1. SOWMYA D - Assistant Professor, Computer Science, School of Allied Health Sciences, Mahatma Gandhi Medical
College & RI, Sri Balaji Vidyapeeth, (Deemed to be University), Pondicherry, India.
2. LAVANYA BASKARAN - PG Student, Department of Community Medicine, Indira Gandhi Medical College & RI, Pondicherry
University, Pondicherry, India.
3. UMA AN - Professor, Medical Genetics, Principal, School of Allied Health Sciences, Mahatma Gandhi Medical College
& RI, Sri Balaji Vidyapeeth, (Deemed to be University), Pondicherry, India.
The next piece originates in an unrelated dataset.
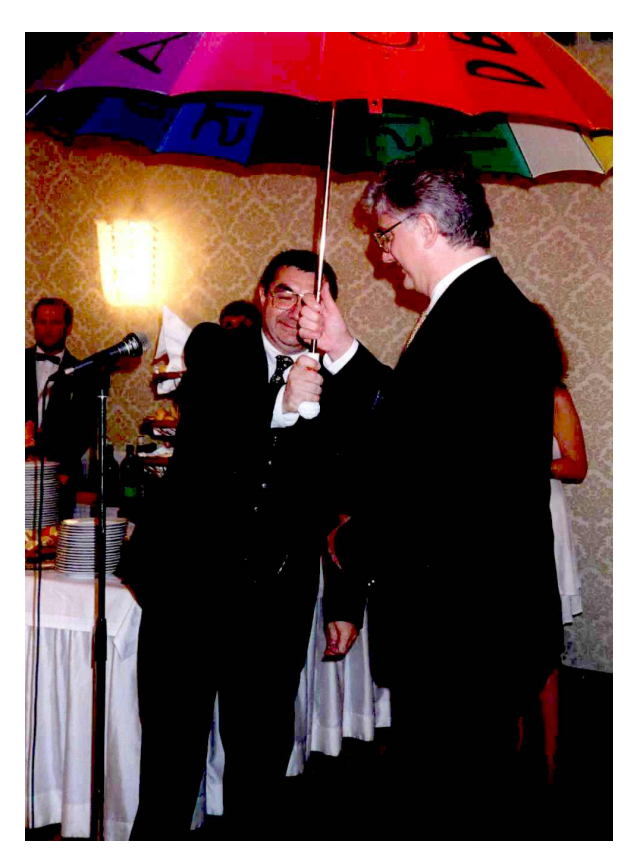
Fig. 5 Handing over of the umbrella, Vienna, 1995
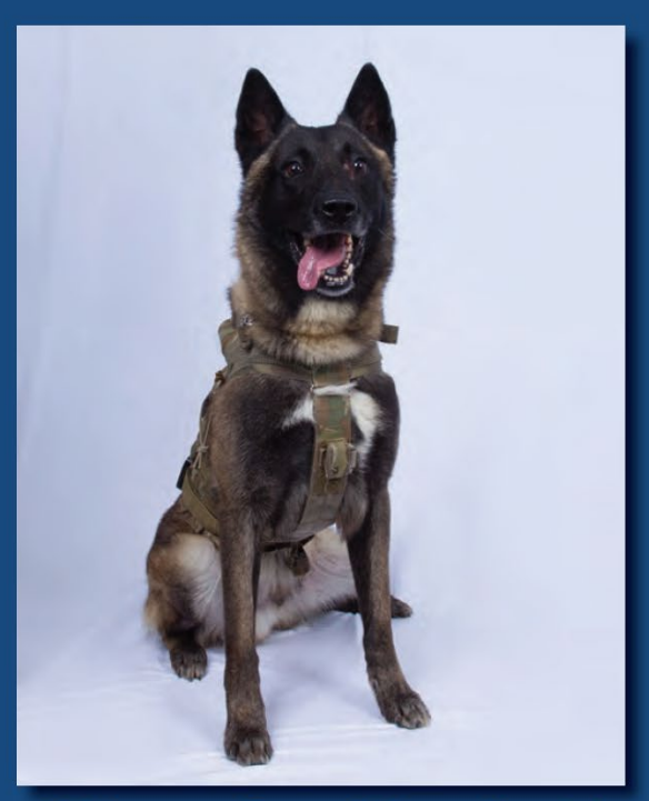
I think we can all agree that no matter what sex he was assigned at birth, Conan is "A Very Good Boy."

Now-a-days, people in general choose to purchase an online item depending on the reviews and feedback given in social media. The probability of leaving a scrutiny gives a glorious chance for person who writing a spam reviews regarding the product for individual reasons. Categorizing these kinds of spammers and the spam content create an interesting issue of analysis. Though a generous range of studies are done recently towards this, till date the methodologies used still hardly find the spam reviews. Here, we propose an exclusive framework called Net-Spam that exploit spam options for creating review datasets as heterogeneous data networks to map spam detection procedure into further classifications. Maltreatment of spam options helps us to get the best output pertaining to various metrics experimented on real-time review datasets from Amazon and Yelp websites. The results show that Net-Spam outperforms the current ways from among the three classes of features namely detection of review, detection of user and detection of Spam Groupers.
Social Media, Spammers, Review, Framework, Net-Spam, Heterogeneous data Networks.